_Exercise data_.

..............................

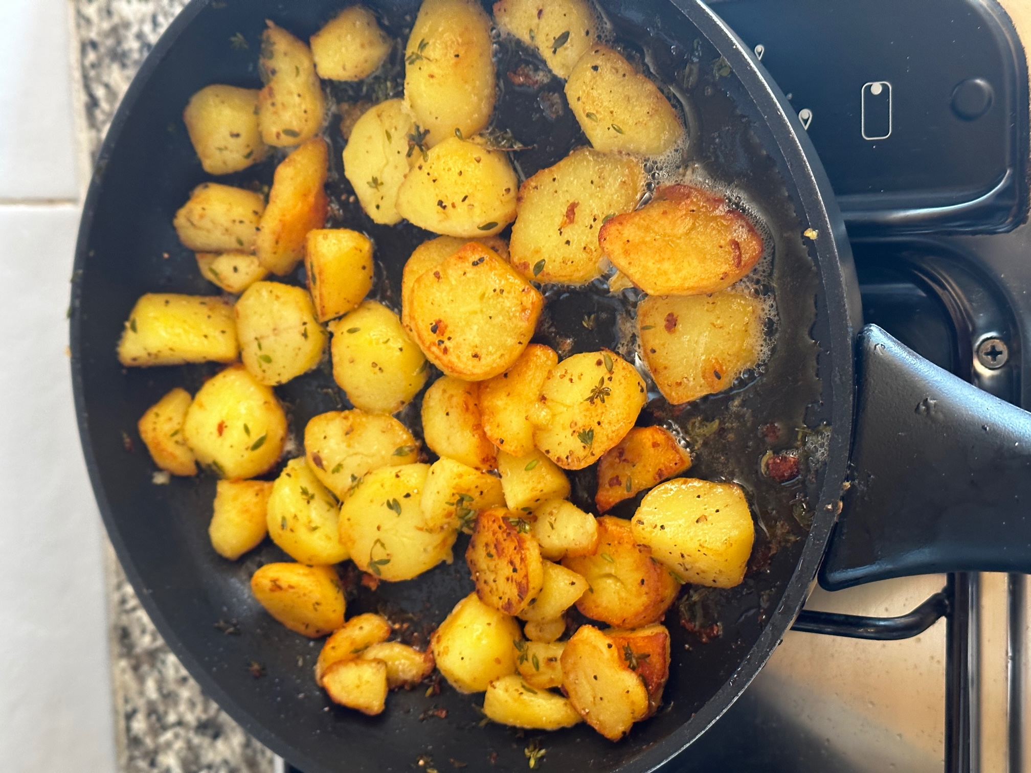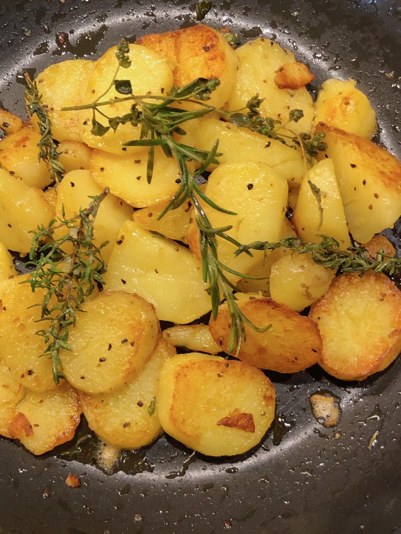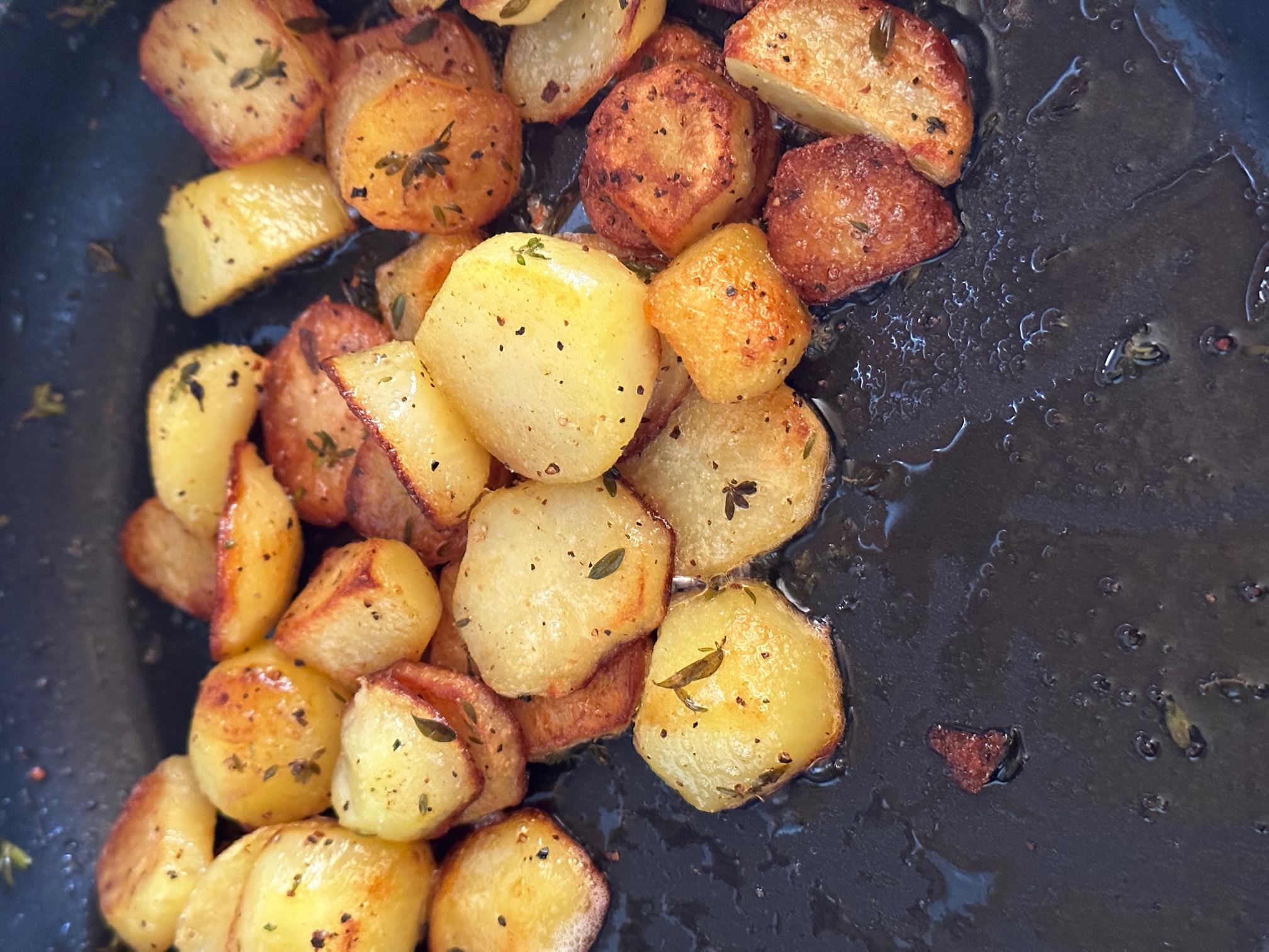 per un risultato migliore, ovvero per evitare che le patate si sfaldino durante la cottura in padella, toglierle dal fuoco prima che siano completamente cotte (la punta di un coltello non dovrebbe trapassarle senza incontrare un po' di resistenza) - burro q.b.
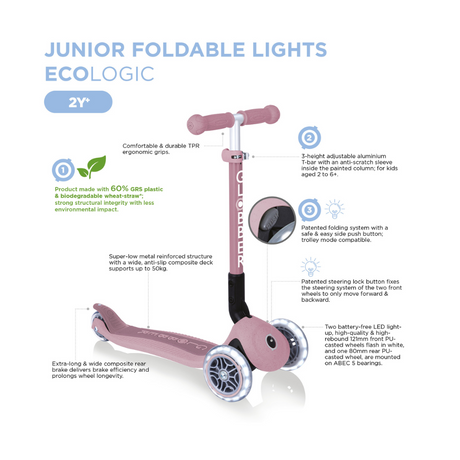 Globber ECOLOGIC JUNIOR Foldable Scooter with Lights - Blueberry
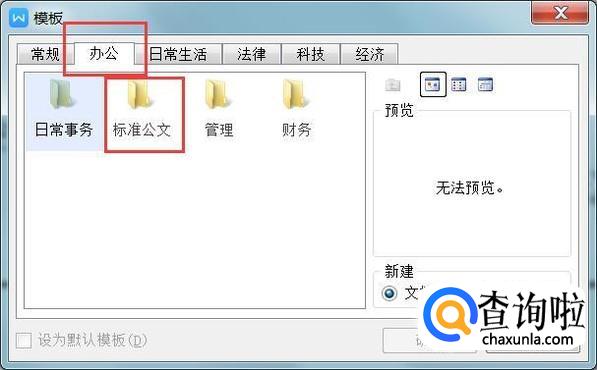 打开本机上存储的模板文件之后,选择“办公-标准公文”选项。

..............................

_What is expected_. Return the material in full, word for word, and skip the pictures.

_Result of this task_.
 per un risultato migliore, ovvero per evitare che le patate si sfaldino durante la cottura in padella, toglierle dal fuoco prima che siano completamente cotte (la punta di un coltello non dovrebbe trapassarle senza incontrare un po' di resistenza) - burro q.b.
 Globber ECOLOGIC JUNIOR Foldable Scooter with Lights - Blueberry
 打开本机上存储的模板文件之后,选择“办公-标准公文”选项。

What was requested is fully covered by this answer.